Отрочество, город и мама

       Hinter dieser Tur
       Sitzt sie am Klavier
       Doch sie spielt nicht mehr
       Ach das ist so lang her!..
          Rammstein «Klavier»

       Теплое утро. Май.  И где привычная промозглая сырость? Разве это Балтика? Светит солнышко, и дачный домик, где мы переодеваемся с мамой, прохладен и свеж, на яркой молодой травке высыхает последняя роса. Яблони в цвету, а под ними крупные красные тюльпаны. Я  вытаскиваю из домика ведро и длинную веревку, иду к колодцу и, крутя ворот, достаю ледяную прозрачную воду. Наш участок на самом въезде, замыкает огороды, идущие друг за другом в два ряда, поэтому он больше других – почти десять соток. Но мало вскопанной земли, и основная его площадь зарастает желтыми одуванчиками и сочной снытью.
       Старые высокие яблони, две груши, одна свечкой, а вторая с неправдоподобно толстым стволом. Я собираю улиток в пустую полторашку от газировки, а мама что-то сажает. Впрочем, она это делает из-за любви покопаться в земле, все равно урожай без регулярной прополки и полива каждую осень мал, и не стоит бензина, затраченного на поездки сюда через весь город.

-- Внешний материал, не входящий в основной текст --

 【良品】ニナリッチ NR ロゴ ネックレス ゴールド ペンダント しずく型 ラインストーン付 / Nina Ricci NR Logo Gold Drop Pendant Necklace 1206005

       Интересная у нас была дача, не похожая на все остальные. Садовые участки рядом с городом если не брошены, то либо засажены целиком трудолюбивыми бабушками, либо застроены хорошими и не очень домами. И в нашем домике когда-то жили старики, у сына которых мама его купила, поэтому дом большой, но без присмотра запустевший с развалившейся печкой и прогнившим местами полом. А сам участок и не засажен и не брошен, он даже не похож на дачу, потому что трава там росла не газонная, а какая попало, и цветы все вразнобой, кому где захотелось.

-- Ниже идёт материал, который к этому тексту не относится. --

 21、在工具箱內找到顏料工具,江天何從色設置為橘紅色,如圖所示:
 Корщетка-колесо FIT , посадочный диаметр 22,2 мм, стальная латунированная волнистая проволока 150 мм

       Он выделялся среди других, и не был похож на остальные, и я любил его. И вся жизнь у мамы была такой. Она зарабатывала много денег и могла позволить себе летом отдыхать, отвозя меня в деревню к бабушке, но, несмотря на достаток, десятилетиями наша квартира не видела ремонта кроме наклеивания поверх старых нового слоя обоев. Дом на даче ветшал, и потихонечку гнила машина, хотя у мамы хватило бы на новую. Я не помню, чтобы мы купили что-то из мебели, зато суп, который она оставляла мне на обед, наполовину состоял из мяса.

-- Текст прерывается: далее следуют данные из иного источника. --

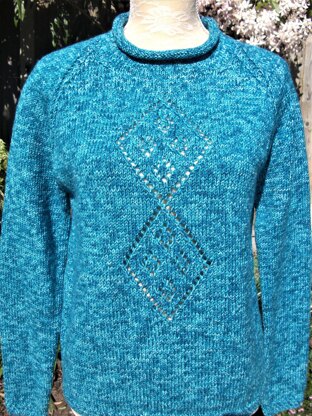 A pretty raglan sweater that features two eyelet motif diamonds on the front. The flattering neckline incorporates a small rouleau so it sits just away from the neck.
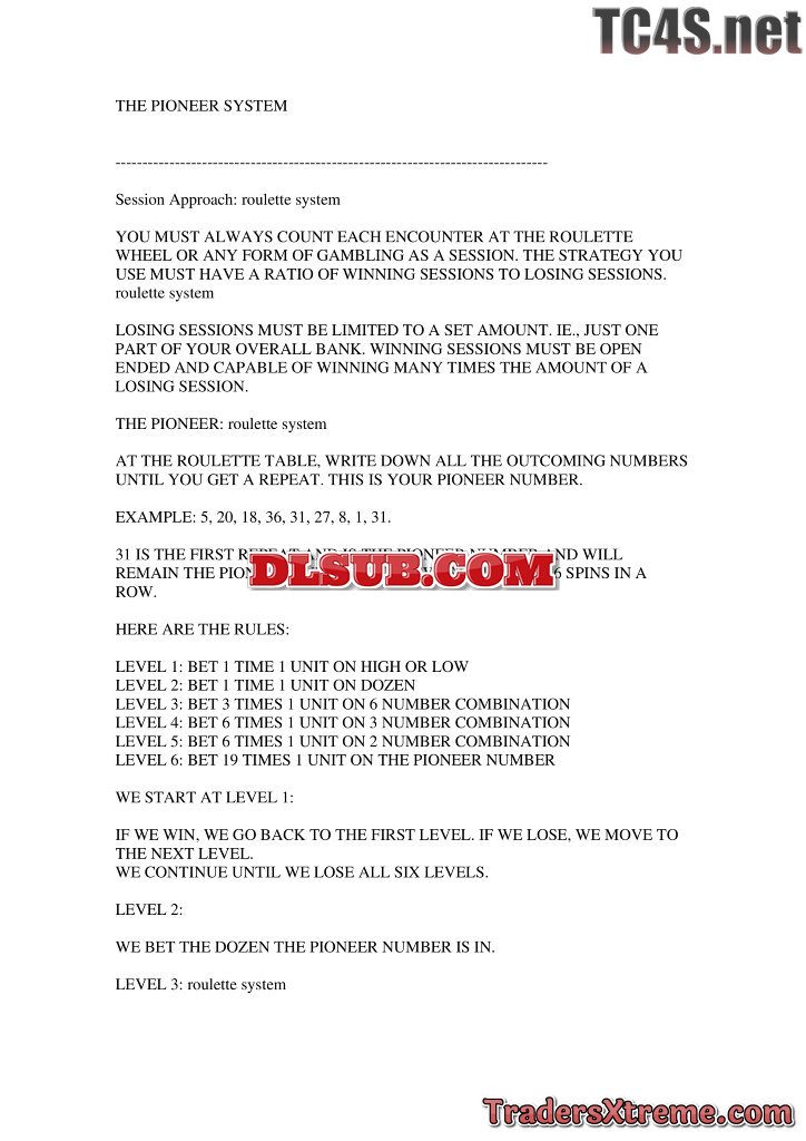 Pioneer System For Roulette
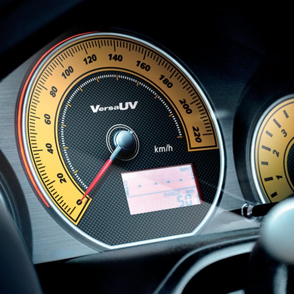 O verniz produz acabamentos brilhantes e foscos. Várias camadas de verniz podem ser aplicadas para criar estampas e texturas tridimensionais, além disso, o software VersaWorks Dual RIP já vem com 72 padrões de textura prontos para uso.
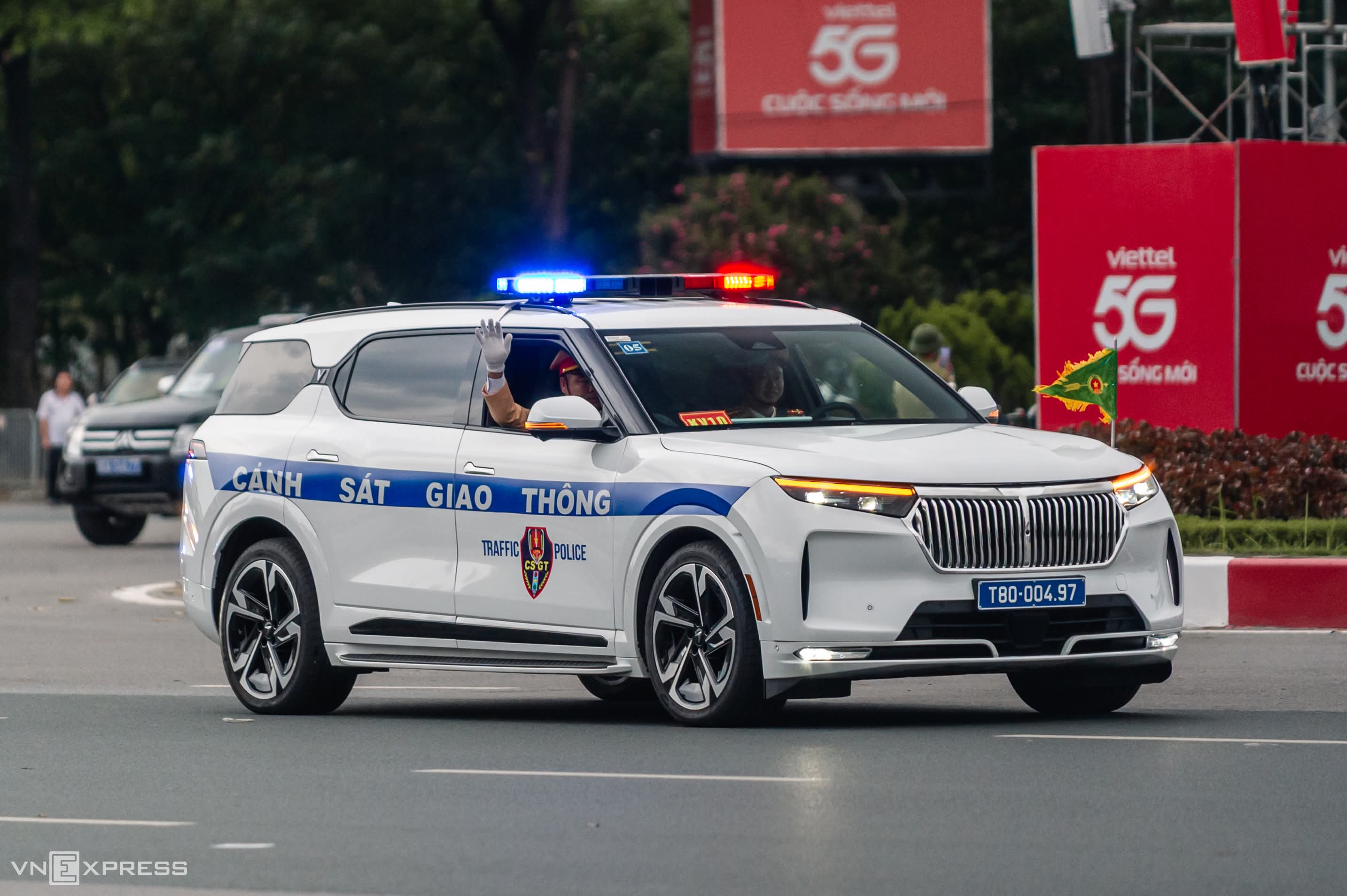 Traffic police vehicle: The VF9 is a full-size electric SUV from the Vietnamese manufacturer VinFast. A special version of the VF9 has been used by the Vietnamese Traffic Police in important events with modifications suited to its purpose, such as a hexagonal symbolic grille instead of the small, narrow horizontal bar on the standard version.

       Сейчас я понимаю, что подойди она прагматичнее к той же даче, и можно было, продав ее и небольшую двушку на Емельянова, переехать в престижный район. Можно было, по крайней мере, поменять эти десять соток на другом конце города на землю в километре или двух от дома, благо окрестности утопали в садах. Но мама никогда не думала об этом, такого рода мысли просто не приходили ей в голову. И сейчас я вижу в этом что-то настолько русское, такой ее настрой, словно прямиком взятый от всех этих Буниных и иже с ними, коим несть числа. От потомков некогда славных и великих дворянских родов, сегодня бедных и ничем не умеющих заработать себе на хлеб, но все также выезжающих на охоту с гончими. Ради них, кстати, в третий раз заложена ветшающая усадьба, которой не коснулись перемены последнюю сотню лет. История вынесла им свой приговор.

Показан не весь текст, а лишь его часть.